А раз так, то террор, агрессия и насилие, которые стали мейнстримным инструментом управления в 2020 году и далее, были абсолютно нерациональны и даже губительны в первую очередь для самой системы управления. Она ускоренно разрушает саму себя, причем как при любой катастрофе, это процесс динамический и самоускоряющийся. Физическое тело, падающее в черную дыру, буквально разрывается силами притяжения по мере приближения к горизонту событий, и доходит до него уже полностью деструктурированным. Здесь та же история — чтобы удержать пресловутую «стабильность», режим вынужден ужесточать насилие, которое разрушает в первую очередь его самого. Чем больше и быстрее происходит это разрушение, тем больший террор требуется для поддержания устойчивости. Логично, что в какой-то момент наступит предел, за которым ресурс террора будет исчерпан, и его уже невозможно будет расширять. С этого момента обрушение режима приобретет окончательный и необратимый характер.
[В скобках могу сказать, что математически посчитать подобную модель крайне непросто. В отличие от модели любого вида кризиса (структурного или системного) модель катастрофы всегда триалектична. То есть, помимо стандартной диалектической пары «субъект-объект» в этой модели должен присутствовать и еще один динамически изменчивый аттрактор «среда». Считать такую модель строго невозможно (в качестве примера можно привести модели погоды, которые хорошо считаются на неделю-дней десять, но затем в силу динамики изменения параметра среды ошибка расчетов превышает допустимые величины и поэтому всегда должны корректироваться). Такую модель приближенно можно считать по критическим точкам, между которыми можно допустить, что аттрактор «среда» неизменен. После достижения критической точки требуется корректировать модель, внося в нее новые значения параметра среды.
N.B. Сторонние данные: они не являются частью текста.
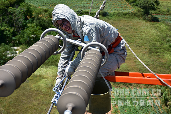 中電新聞網(wǎng)訊 通訊員 陳蒸 陳德鈞 鄭孝干 報(bào)道 9月14日,在福建福清110千伏沙牛線16號(hào)塔現(xiàn)場,經(jīng)過一個(gè)多小時(shí)的高空帶電作業(yè),國網(wǎng)福州供電公司輸電帶電作業(yè)班成功完成一起節(jié)點(diǎn)嚴(yán)重發(fā)熱的緊急消缺作業(yè)。

На мой взгляд, ближайшая критическая точка — примерно октябрь-ноябрь этого года. Это не значит, что произойдут какие-то резкие изменения, но они накопятся, и обстановка может приобрести качественно иной вид, чем он был примерно в апреле-мае, когда возникла нынешняя критическая точка, выражающаяся в полном исчерпании наступательного потенциала российской армии и перехода ее к обороне в украинском конфликте. Убийство Пригожина, кстати, я бы не стал считать критической точкой происходящего, как и его неудавшийся мятеж. Вот если бы удался — тогда да. Новая критическая точка тоже будет связана с украинским конфликтом и, скорее всего, к октябрю-ноябрю уже ВСУ полностью исчерпают свой наступательный потенциал и остановятся там, что сумеют отвоевать. Вот тогда и возникнет новая ситуация, которую можно будет корректировать примерно до весны.]
Накопление противоречий идет в ходе катастрофы неуклонно, но с разной динамикой. Спекулировать по поводу сроков, когда обрушение станет неизбежным, смысла сейчас нет. На самом деле, к нему уже все готово. Мятеж «Вагнера» показал, что система полностью неустойчива. Вопрос даже не «когда», а «как».